一根长矛,贯穿了孙血岛的身躯,虽然没夺取他的性命,却在他的身上留下永久的伤疤,彻底毁坏了他的根基,让他空有一身实力但再也无用武之地,入道境的强大让他一直疯疯癫癫苟活到了今日。

“啊!啊!”孙血岛怪叫着挥舞手臂,嘴巴大张好像努力要说什么,可最后发出来的只有沙哑的干咳声。苍斗山回过神来,诵念提尘决,孙血岛渐渐平静下来,双目无神。

苍斗山斟酌良久,道:“你的舌头,是怎么回事?”

苍斗山已经足够谨慎了,然而他还是低估了孙血岛。

孙血岛几乎是瞬间咆哮起来,一脚踹翻了桌子,香炉破碎,温和的提尘香气瞬间浓郁了数倍,苍斗山也不禁摇摇欲坠,然而孙血岛似乎完全不受提尘香影响,顺手抄起一条桌子腿吼叫着扑上来,劈下来的气势像是要把他一斩为二!

苍斗山强撑着往侧边一闪,捞起胡了向外冲去。

孙血岛嗷嗷怪叫着冲出来,冲到屋外立刻被铁链拽着摔了个狗吃屎,他回头拿着桌子腿狂敲铁链,几下子桌子腿就敲得粉碎,屋外熙熙攘攘的人群有人大叫一声:“老头子又发疯了!”眨眼间哄然四散,逃得干干净净。
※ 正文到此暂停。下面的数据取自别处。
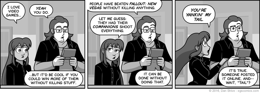 I have a lot to say about New Vegas, but I’m also going to do a lot of comics parodying it, so I’ll have plenty of opportunities to get specific. The fact that a pacifist “no kill” run is even possible, however, is among the many reasons I’m fond of it.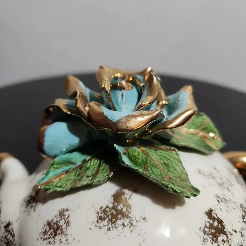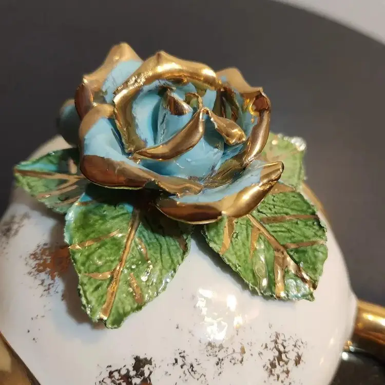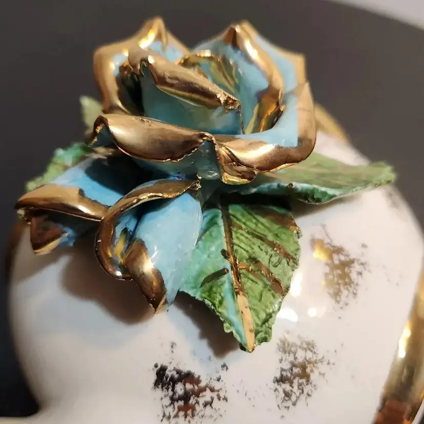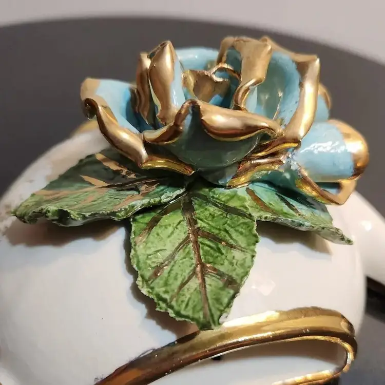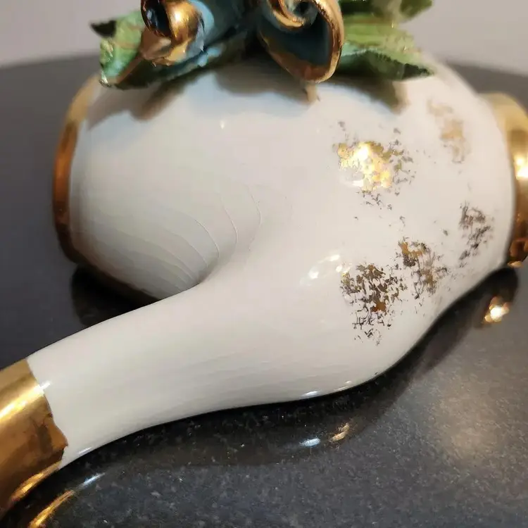 There are no cracks or chips. There is crazing throughout and wearing away of the paint due to age. All of the petals of the flower and leaves are in nice shape.
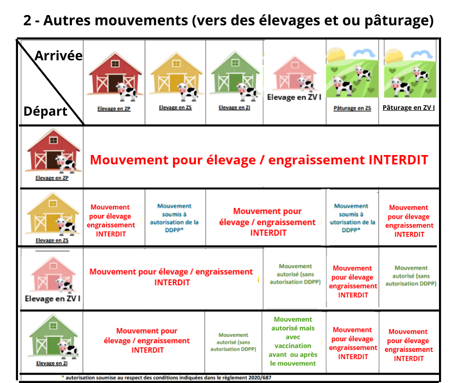 Tous les mouvements sont interdits (y compris à pied d’un pré à l’autre !). Une demande d’autorisation de déplacement de vos bovins doit être réalisée auprès de la DDETSPP. Ces demandes sont instruites et étudiées au cas par cas. A faire au moins 48h avant le mouvement. Visite vétérinaire dans les 48h précédent un mouvement d’élevage et dans les 72h précédent un mouvement vers abattoir attestée (à la charge de l’éleveur) pour l’ensemble de la zone réglementée (ZP ET ZS) + attestation transport.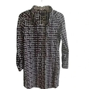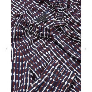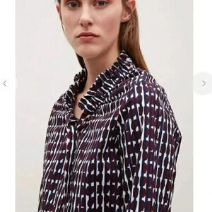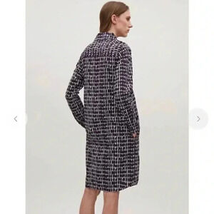 This dress is made from crisp cotton poplin with a bold, geometric print. A straight fit, it has a tunnel collar with a neck tie, shirting cuffs and hidden pockets.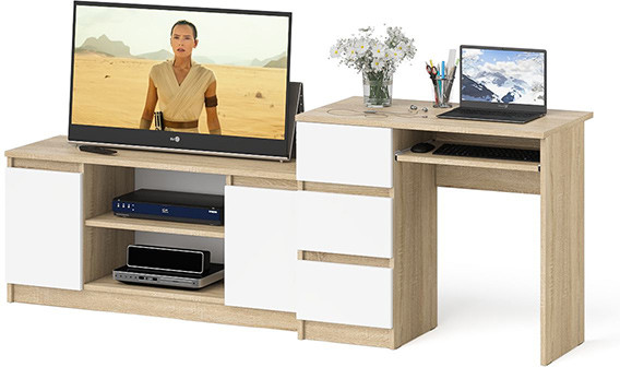 Наименование производителя | Мори Стол компьютерный МС-6 левый + Тумба МТВ1200.1, цвет дуб сонома/белый, ШхГхВ 210,4х50х76,6 см., выдвижные ящики слева, НЕ универсальная сборка |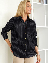 Женская рубашка с анималистичным принтом. Модель свободного кроя с длинным рукавом. Выполнена из лёгкой и полупрозрачной ткани, что придаёт образу воздушность. У рубашки классический воротник, застёжка на пуговицы и два нагрудных накладных кармана. Рукава с манжетами на пуговицах.
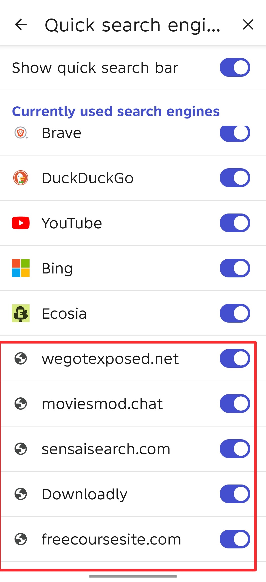 So recently I was looking at my Brave settings for my Android phone and discovered that the Quick-Search Engines feature (Settings > Search engines > Quick-Search Engines) is functioning as some sort of permanent history for me. This is probably because Settings > Search engines > Index other search engines is enabled, which makes Brave automatically index search engines from websites I’ve visited which follow the OpenSearch specification.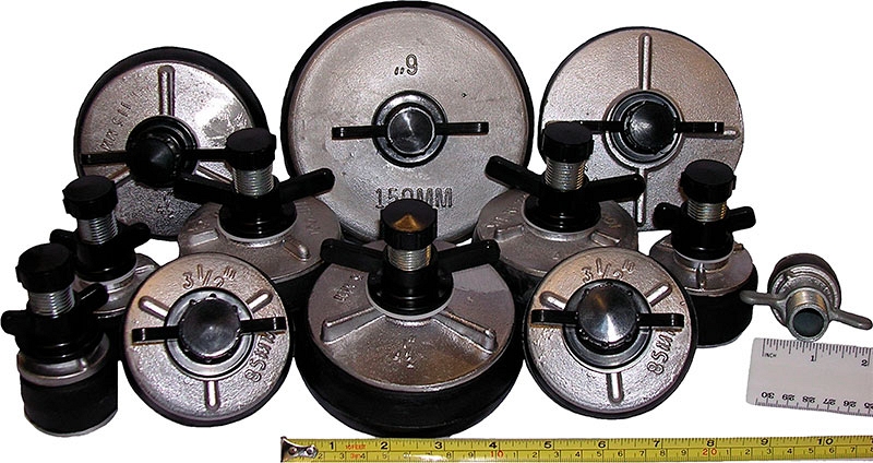 Алюминиевые заглушки для труб Huntingdon Fusion Techniques PSP3150 (Хантингдон Фьюжин Текникс ПСП3150) – проходные металлические заглушки для труб Ø 146 – 168 мм, давлением до 0,7 бар (10 psi) для перекрытия трубопроводов и канализации при ремонте и сварке; гидроиспытаний; продувки при сварке труб в инертной среде; ремонта и монтажа труб и трубопроводов; обслуживания и ремонта воздуховодов; тестирования автомобильных радиаторов; предотвращения проникновения грязи, грызунов, насекомых.

苍斗山看看四周,没有可以借用的东西,只得只身上前,趁他还在跟铁链较劲的功夫一掌将他劈晕了过去。

钉入地下的铁链锚被拉出来大半,孙血岛再发疯绝对拉不住他。苍斗山心急如焚,在破屋里翻了一阵子,翻出几袋药包,一嗅气味,不禁大喜。